2 weeks before	OSC completes final versions of assessment artifacts and uploads them to the secure file location.
1 week before	(1) OSC submits 3rd and final contract Installment Payment, (2) C3PAO KLC Assessment Lead confirms completeness of the assessment package/artifacts received or continues communication for additional information needed, (3) OSC and C3PAO KLC negotiate the Assessment Plan.
3 DAYS before	C3PAO KLC Assessment Lead finalizes the Assessment Plan.
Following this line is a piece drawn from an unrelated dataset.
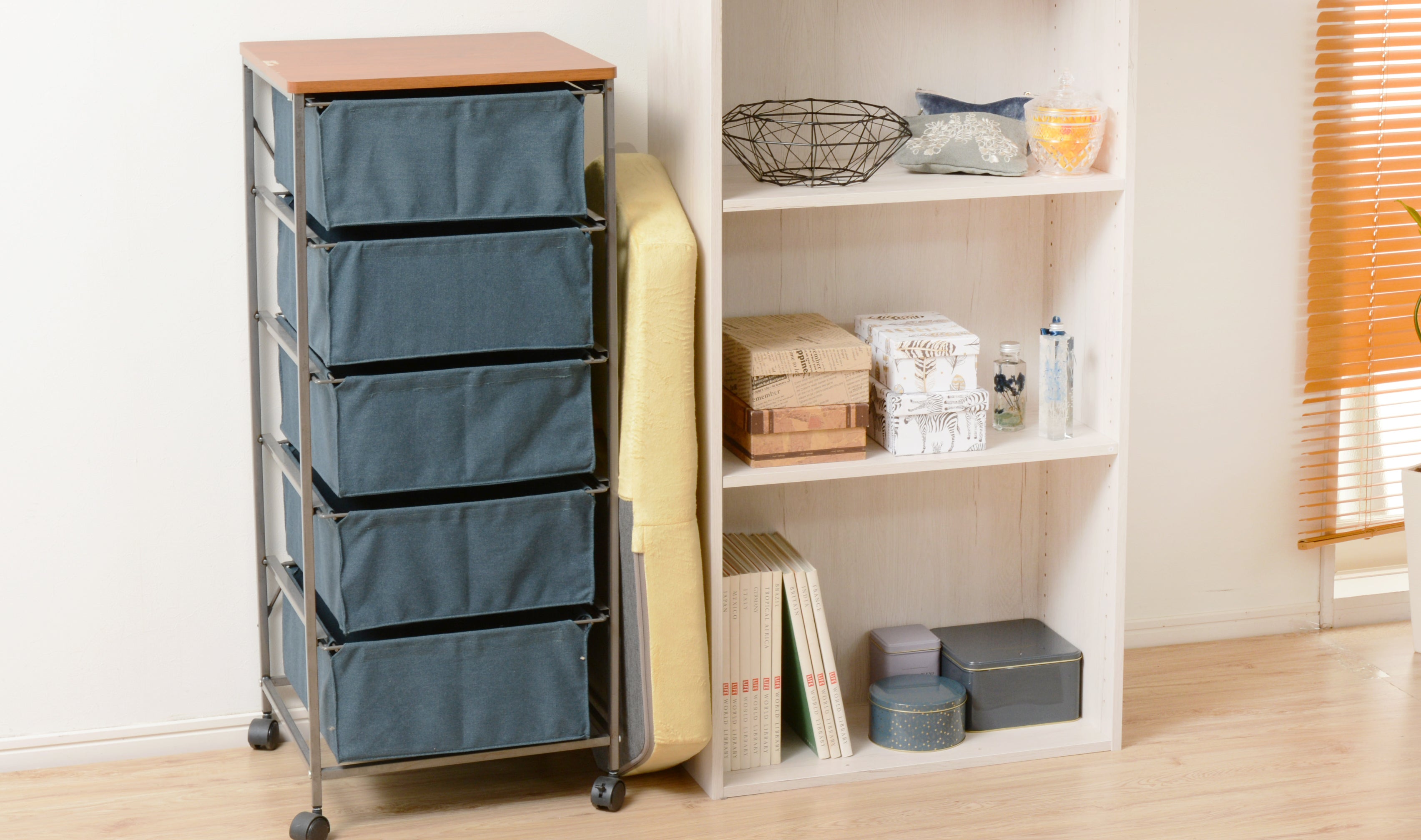 フラットにしたら棚と棚の間にもすっぽり収まりますので、場所を取らずスッキリ収納できます。

ASSESSMENT WEEK	(1) C3PAO KLC holds the Assessment Meeting/Assessment kickoff, where the OSC presents its scope, diagrams, SSP, and other essential artifacts. (2) C3PAO KLC virtually conducts the assessment of Conformance to Security Requirements daily and visits the OSC facility if required, (3) C3PAO KLC holds Daily Checkpoint Meetings to summarize progress, identify any challenges, and discuss additional items for coordination. (4) C3PAO KLC presents preliminary findings of OSC security practices MET vs. NOT MET.
10 DAYS after	Assessors may re-evaluate NOT MET security requirements during the assessment and for ten (10) business days following the active assessment period (i.e., the conclusion of Phase 2 activities) in accordance with the requirements established in 32 CFR 32 CFR §170.17(c)(2)
2 weeks after	OSC receives the C3PAO KLC assessment deliverables and results summary.
30 DAYS after	(1) C3PAO KLC uploads the assessment results into eMASS and submits them to the CMMC Program Management Office (PMO), (2) C3PAO KLC issues the CMMC Certificate of Status (Conditional or Final).

This comprehensive CMMC Assessment Guide helps you understand your responsibilities and the information you’ll need to provide throughout the CMMC Level 2 certification assessment process.